The house looked a little sad and neglected. Standing on its hillock of dry red dust, it cried out for some paint and a garden bursting with flowers all around it. It would be fun, Sara thought, to see what she could do about it. With care perhaps the soil could be brought back to something that would allow some of the least demanding flowers to bloom. People should be fined, she thought a little indignantly, letting the earth get into such a condition!

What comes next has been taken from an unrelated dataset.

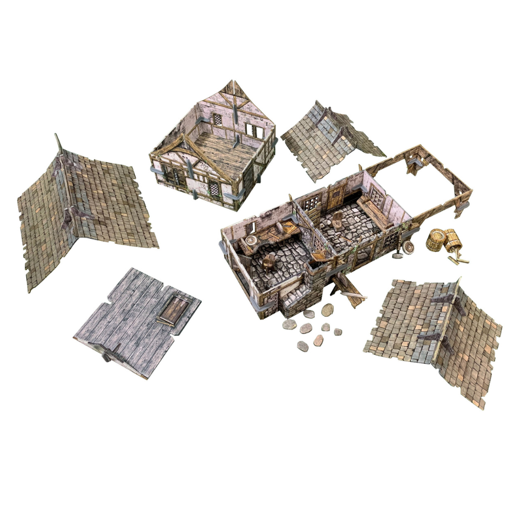 This box contains everything you need to build a large multi-level house, suitable for many 28-35mm fantasy and historical games. The interior is fully detailed and the roof and upper floor are removable. The set comes complete with a forge and other furniture to accessorise your gaming table. Many of the pieces are modular and can be assembled in different combinations or mixed and matched with the rest of the range.

So carried away was she with her future plans for the slopes that Felicity was already out of the jeep and up the steps and she had to hurry to catch her up. Felicity took her arm when she reached the verandah and they walked slowly round the house together towards the sitting-room door.

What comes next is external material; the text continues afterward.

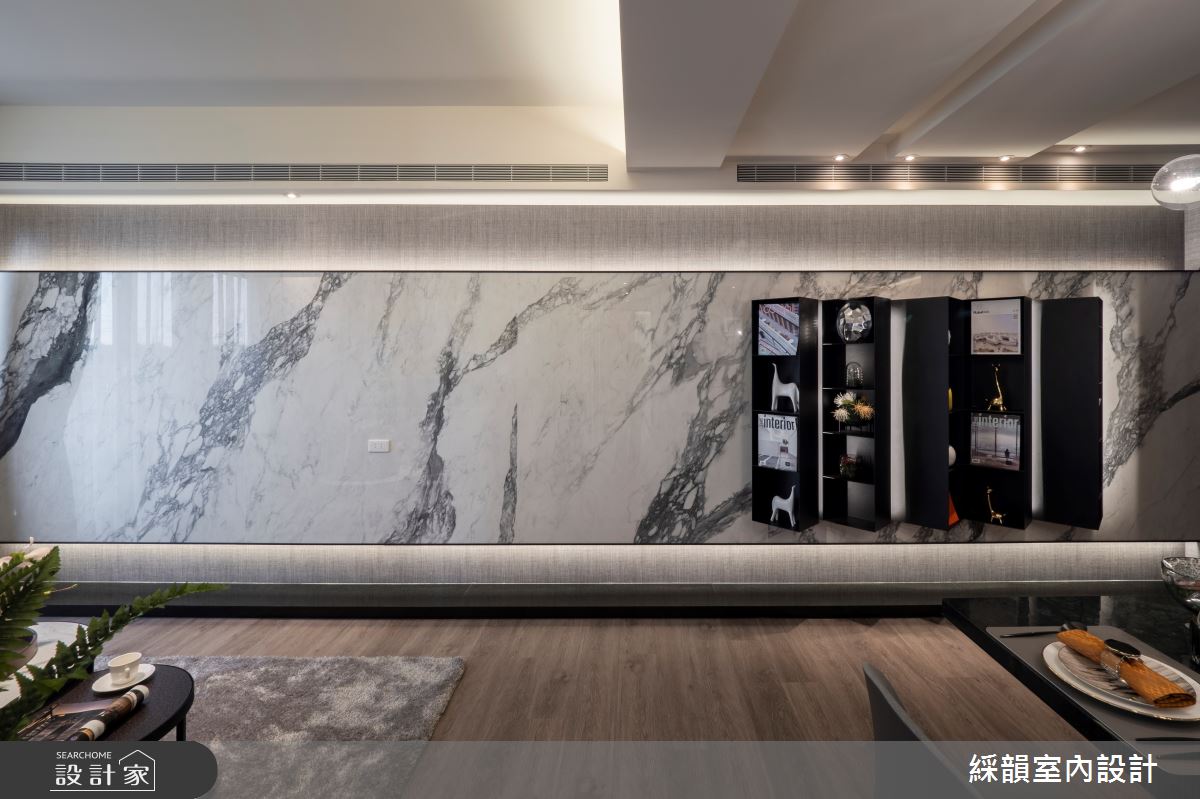 綵韻室內設計以大理石、皮革、鍍鈦、壁布、鈦鋼石的搭配應用,呈現現代風居家氛圍,將此間45坪、四房、單層、預售屋打造成舒適愜意的家庭空間,完成全家人的夢想之居。

‘Will you call in and see Mother?’ Felicity asked.
Sara shook her head. ‘She won’t want to see me at this hour,’ she said.

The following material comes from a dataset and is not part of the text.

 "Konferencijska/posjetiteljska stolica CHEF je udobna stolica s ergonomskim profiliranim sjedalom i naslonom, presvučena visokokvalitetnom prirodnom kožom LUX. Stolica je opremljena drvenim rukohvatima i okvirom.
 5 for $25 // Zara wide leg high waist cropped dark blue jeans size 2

But she was wrong, for hardly had the words left her lips than Mrs. Wayne appeared in the doorway, fully dressed and beaming a smile.
‘Sara, my dear,’ she greeted her, ‘you’ll never guess who has come to see you! I’ve been doing my poor best to entertain him, but I’m afraid that his mind was really with you all the time!’
She giggled her soft, feline little laugh and quite unaccountably Sara’s heart sank into her boots.
CHAPTER EIGHT
James Halifax looked far from cheerful when the two girls followed Mrs. Wayne into the drawing room. With a visible effort he greeted them, but almost immediately he sank back into his original gloom.
‘What’s up?’ Felicity demanded, her voice a little gruff.
James flushed up in that absurd way that he had.
‘I thought—’ he began.
‘James came to see Sara,’ Mrs. Wayne broke in, her eyes flickering over the little group of young people.
‘I wondered how he got in!’ Felicity murmured mutinously.
Her mother smiled, a soft, feminine smile that made Felicity’s remark seem unnecessarily ungracious.
‘James and I understand each other very well, don’t we?’ she said smoothly, and then apparently lost all interest in the proceedings as James stammered his agreement.
There was a shor
t uncomfortable silence. Sara wondered desperately what she could say to relieve the tension. Both James and Felicity looked unhappy and very young. Too young, she thought, to cope. I shall have to say something! she exclaimed to herself.
‘Have you had any news of Matt?’ she burst out. Matt! Matt! Why should she bring him up now? She cast a quick look at her aunt and was relieved to see that she was gazing out of the window with a dreamy look on her face. ‘I heard that he got home safely.’
‘Yes, yes, he did,’ James agreed. ‘He told me to come over. Told me to tell you he’d be over himself some time.’
He stuttered slightly as he tripped over the words. ‘I — I was hoping to have a word with you alone,’ he added.
Felicity’s head shot up, bewilderment written all over her face.
‘Why?’ she asked abruptly.
‘It’s — it’s just a message from Matt,’ he said uncomfortably.
Sara caught Mrs. Wayne’s look of complete satisfaction and cursed inwardly.
‘Let’s go out on to the verandah, then,’ she suggested quietly.
She turned quickly and walked through the french windows before James could answer. Her heart was pounding madly, she realized. Could just a message from Matt really do this to her? She gave herself an inward shake and turned to James.
‘Well?’ she asked a little coldly.
‘It was a bit awkward in there,’ he said with a wry grin. ‘I just wanted to ask you to help get Felicity’s mother in a good mood. I want Felicity to elope with me, you see—’
‘You can’t do that,’ Sara broke in positively. ‘Aunt Laura would never forgive you if you made her look so foolish. You must tell her, James. Nobody else is going to do it for you and a note simply won’t do!’
‘Felicity thought that you might—’
‘I know she did. She was wrong. You must tell her together.’